I agree with my associates that the failure of the president to instruct in accordance with Article 51 (c), Uniform Code of Military Justice, 10 USC § 851, requires that this ease be reversed. However, I cannot accept the conclusion of the principal opinion that a reviewing authority in the exercise of his mitigating powers may reduce a fine to a forfeiture. Neither can I follow the doctrine that a forfeiture is merely a lesser form of punishment than a fine, for there are so many unknowns with which each may be weighted, and they are so basically different, that any comparison is unrealistic.

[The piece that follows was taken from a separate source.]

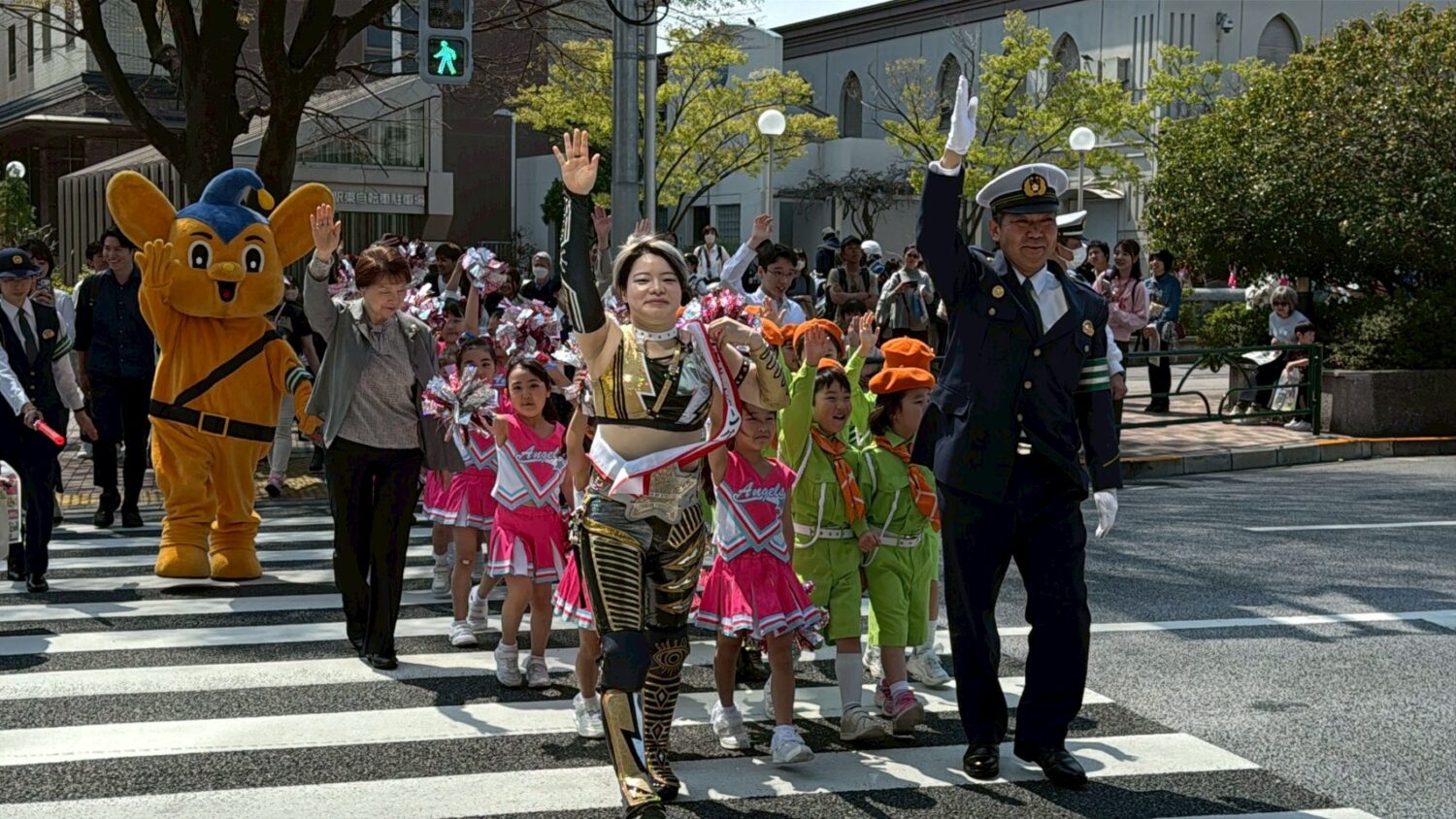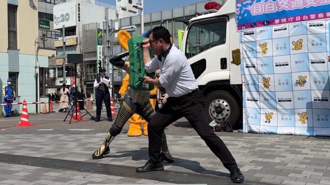 イベントの最後には、ピーポくん、目白警察署長とともに横断歩道を渡る実演にも参加。正しい横断方法を実践しながら、来場者へ安全確認の重要性を伝えました。

The Manual for Courts-Martial, United States, 1951, lays down the rule that the changing of a fine to a forfeiture is not a mitigation but rather a commutation of sentence which can only be exercised by the President or Secretary of a Department. Manual for Courts-Martial, supra, paragraph 88c. I believe that to be a sound and logical principle, and I find no reason to reject it. In military law, the word “commutation” is a term of art meaning “the power to change a punishment to one of a different nature.” Manual for Courts-Martial, supra, paragraph 105. Mitigation, on the other hand, is a change only of degree within the same species. See United States v Goodwin, 5 USCMA 647, 18 CMR 271. The reviewing authority in the instant case, by changing the nature of the punishment, exercised a power which he did not possess and, therefore, the forfeitures which he imposed were illegal.

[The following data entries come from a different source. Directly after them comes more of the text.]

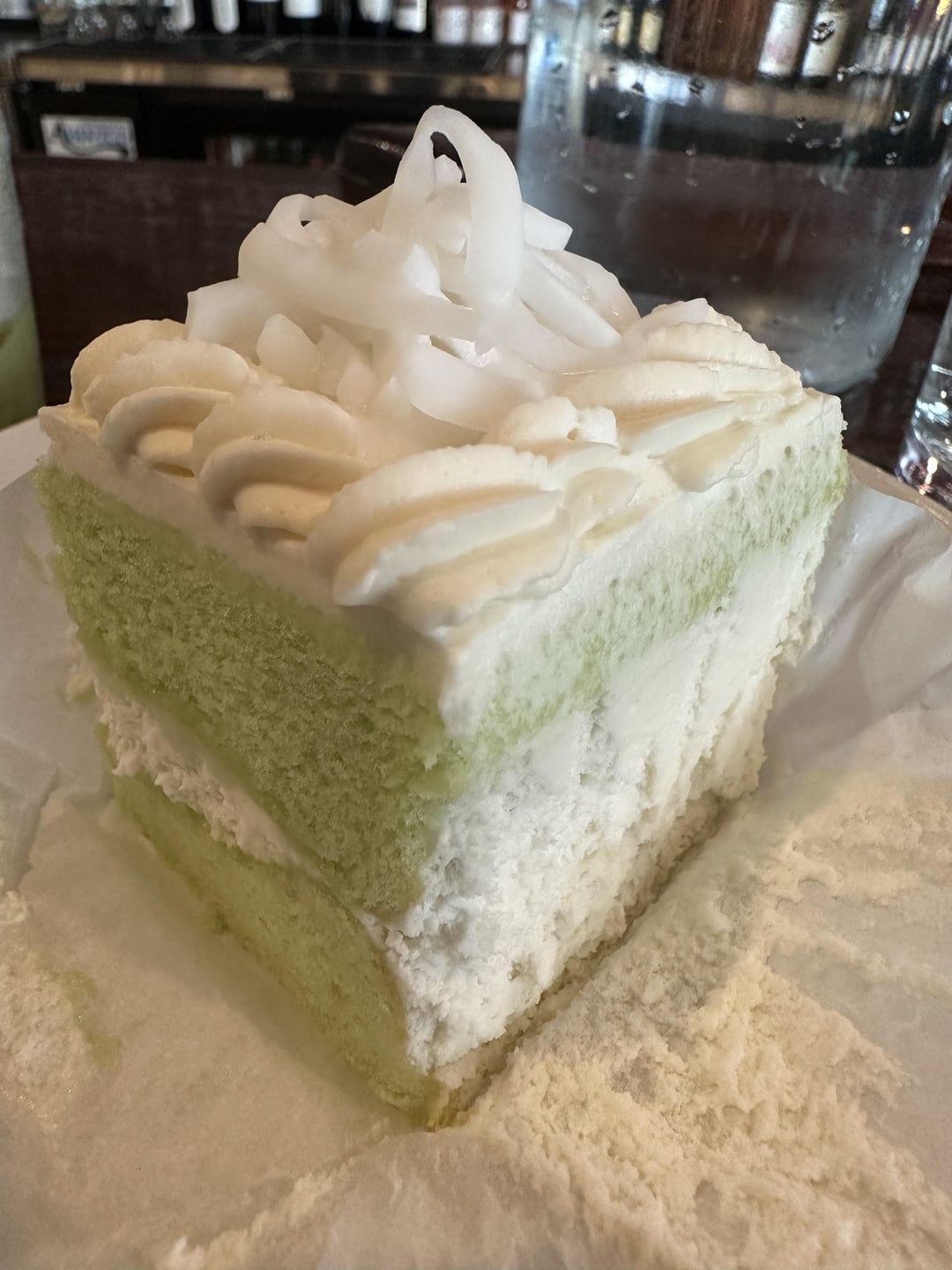 The bar gifted me a slice of Coconut Cake. Itโs delicious, light and sweet.
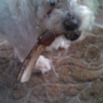 We never give Mav REAL meat bones to chew on, but I just couldn’t resist. So, with supervision, he got to chomp on this baby for a bit. Talk about a HAPPY DOG!!!!
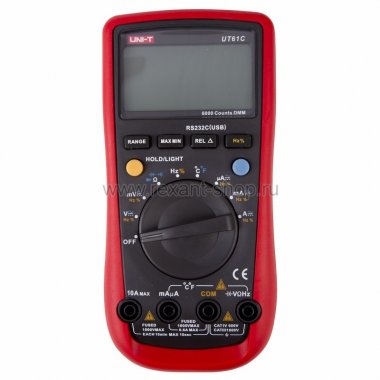 UT61C - это профессиональный TRUE RMS мультиметр с современным и эргономичным дизайном. Предназначен прибор, для измерений постоянного и переменного напряжения, сопротивления, постоянного и переменного тока. Кроме того он имеет функции измерения электрической емкости, температуры и частоты, а так же с его помощью вы сможете тестировать диоды и проводить прозвонку целостности цепи. Данный прибор обладает высоким классом точности показаний и измерением истинных среднеквадратических значений (TRUE RMS). Дисплей прибора оснащен подсветкой, которая позволяет проводить измерения даже в слабоосвещенных местах и имеет разрядность 6000. Широкий функционал мультиметра UT61C позволяет обходиться без других вспомогательных устройств. Прибор оснащен функцией Data hold, и зафиксировав результат измерений, вы в любое время сможете считать полученный значение. Прибор изготовлен из высококачественных материалов. Калибровка и тестирование приборов произведено под контролем компании REXANT INTERNATIONAL. Инженеры старались сделать прибор максимально удобным для использования, и сужение в нижней области корпуса позволяет удобнее располагать прибор в одной руке, а шероховатость корпуса предотвращает выскальзывание. Все переключения удобно производить даже одной рукой. Мультиметр имеет разъем для подключения к ПК что делает возможным проводить мониторинг и анализ полученных результатов. UT61C имеет функцию автоматического выбора пределов измерений. В отличие от устаревших моделей, где вам приходилось вручную выставлять пределы, сейчас же нужно всего лишь выбрать какой из параметров вы собираетесь измерять. Кроме того у прибора усиленный переключатель, благодаря которому исключается возможность случайного нажатия.
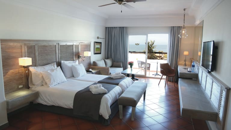 Es stehen Ihnen 254 mit Liebe zum Detail eingerichtete Zimmer (Einzelzimmer, Doppelzimmer, Junior-Suiten) zur Auswahl. ··· Alle Zimmer bieten Bad mit Dusche; sep. WC, Bidet, Bademantel, Toilettenartikel, Kosmetikspiegel, Haartrockner, 220 V, Telefon, WiFi gratis, zentralgesteuerte Klimaanlage/Heizung (je nach Saison), Deckenventilator, kleiner Kühlschrank (keine minibar), Sat-TV, elektronischer Safe, Sitzecke mit Sofa, Balkon oder Terrasse (außer Einzelzimmer), einige sind über den Balkon miteinander verbunden ··· Einzelzimmer: 1 Bett 100x200 cm ··· Doppelzimmer: 2 Betten 100x200 cm, mit Meerblick buchbar ··· Junior-Suiten: 2 Betten 100x200 cm, integrierter Salon mit 2 Sofas, Meerblick
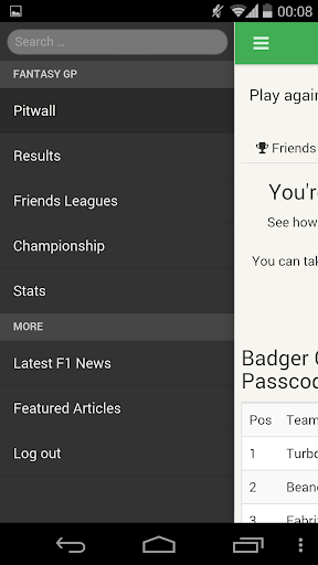 This app is to enable playing along with Fantasy Grand Prix easy with a phone or tablet device. This Fantasy GP app allows you to manage your team and predictions on the move as well as check your results and play against friends in mini-leagues.

I have considered the argument of the board of review that United States v Bell, 8 USCMA 193, 24 CMR 3, is dispositive of this appeal as it was the intention of the court-martial to impose forfeitures rather than a fine. The Bell case, as my associates demonstrate, is clearly distinguishable. In the instant case, the sentence read in open court was susceptible of only one interpretation, and that interpretation was legal. Under such a factual situation, even though there is much to be said in favor of the contention that the court did not mean what it actually announced, I do not think it wise to delve- behind the words given in open court. We should not speculate on what meaning a court intended when there is no ambiguity. The words used announce an unusual but recognized and legal sentence.